Using previously published time series data, we estimated confidence intervals around the effect of prescription alerts for interacting medications with warfarin on the rate of prescriptions per 10,000 warfarin users per month. Both the multivariate delta method and the bootstrapping method produced similar results.


The bootstrapping method is preferred for calculating confidence intervals of relative changes in outcomes of time series studies since it does not require large sample sizes when parameter estimates are obtained correctly from the model. Caution is needed when sample size is small.

Keywords: Interrupted time series, Segmented regression, Confidence interval, Relative change, Bootstrapping, Delta method


Increasingly, the interrupted time series (ITS) design is used to evaluate the effects of health care interventions. After its introduction to the health services research literature by Gillings [1], interrupted time series analysis has been widely used in assessing the effects of health services and policy interventions, such as implementation of changes in institutional formularies [2], payment restrictions for medications in state programs [3], or educational and administrative interventions to improve prescribing [4]. Interrupted time series designs, especially when they involve analysis of comparison series, are the strongest observational designs [1,5] to evaluate changes due to interventions because they can account for the pre-intervention level and trend of the outcome measures.

Time series models allow for description, explanation, prediction, and control [6]. Depending on data structures, alternative statistical modeling methods are available. The first method is generalized estimating equations (GEE) with a time series correlation structure [7], which uses individual level data to estimate aggregate intervention effects. This method can be problematic for several reasons: parameter estimates of intervention effects take the form of odds ratios, which are more difficult for a general audience to interpret; assumptions are violated when covariates are missing not at random, which is a frequent occurrence [8]; and computation is daunting when population size is large. Another method is the autoregressive integrated moving average model (ARIMA) [9,10] , which uses aggregate outcome estimates at each time to model intervention effects. However, ARIMA models assume a complex error correlation structure and require sample sizes of at least 50 consecutive time points [9], which is often impossible in health services studies.

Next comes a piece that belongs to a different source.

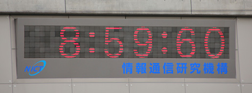貴重な「うるう秒」挿入の瞬間を体感する方法があるので、ご紹介しておきましょう。ひとつは日本の標準時を管理するNICTの本館(東京都小金井市)に行くことです。ここのデジタル時計は「8時59分59秒」の後に「8時59分60秒」を表示します。同じく武蔵小金井駅の構内にあるNICTのデジタル時計も「8時59分60秒」を表示します。一方、おなじみのNTT117時報サービスですが、通常の加入電話の場合は、午前9時の4秒前から予報音を3回(58秒59秒60秒)鳴らし、時報音(ポーン)を1回(00秒)鳴らします。 ちょっと面白いのは、ひかり電話の117時報サービス。こちらは9時を告げる時報音(ポーン)を連続して2回(60秒00秒)鳴らすそうです。うるう秒挿入時にしか聞けない珍しい"ダブルの時報音"を聞くことができるのですね。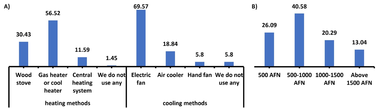 Energy consumption patterns and cost burdens further underscore the problem. For heating, 56.52 of households rely on gas or coal stoves, and 30.43 use wood stoves, highlighting a dependence on traditional, inefficient, and polluting fuels [Fig. 6(a)]. For cooling, 69.57 use electric fans, a less energy-intensive but passive solution (Fig. 6A). Critically, these practices contribute to significant financial strain. Furthermore, 40.58 of households reported monthly electricity bills between 7 to 14 USD [approx. 500-1000 Afghani (AFN)] [Fig. 6(b)]. This widespread financial burden is a powerful motivator for change.

This paper focuses on segmented linear regression autoregressive error models [1,11], which are more commonly used in health services research since they can be applied to aggregate outcome estimates, tolerate fewer time points than ARIMA models, and are amenable to intuitive graphical presentation of the data and effects, which is appealing to a general audience .

Example: Warfarin Alert Study

In a health maintenance organization with 15 primary care clinics and 450,000 members, electronic medical record (EMR) alerts were implemented to reduce the co-prescribing of interacting medications to warfarin users to guard against potential adverse drug interactions [4]. At the beginning of the study period in January 2000, there were 35 months prior to the intervention (baseline), 4 for implementation of the alerts, and 17 after the intervention.

Total co-prescribing of interacting medications was the primary outcome measured; the authors also measured co-prescribing of several individual medications, including acetaminophen. The effects of the alerts on these outcomes were demonstrated by reporting level and trend changes in rates of co-prescribing, controlling for pre-intervention level and trend (see figure 1). For example, there was a significant level change of -311.4 (95%CI: -480.3, -142.4) prescriptions of interacting medications per 10,000 warfarin users, which corresponds to a -9.5% relative change (95%CI: -15.6%,-3.6%) after the alert intervention. The absolute change describes a clinically meaningful absolute reduction in co-prescribing; the relative change represents this change as a proportion of the baseline rate, permitting comparison with the effects of similar interventions regardless of the background prescribing rate.

Figure 1
Time series of warfarin-interacting medication prescription rates by month (warfarin-interacting medication prescriptions per 10,000 warfarin users per month). A, Interacting medications (combined); B, warfarin-acetaminophen. Fitted trend lines show predicted ...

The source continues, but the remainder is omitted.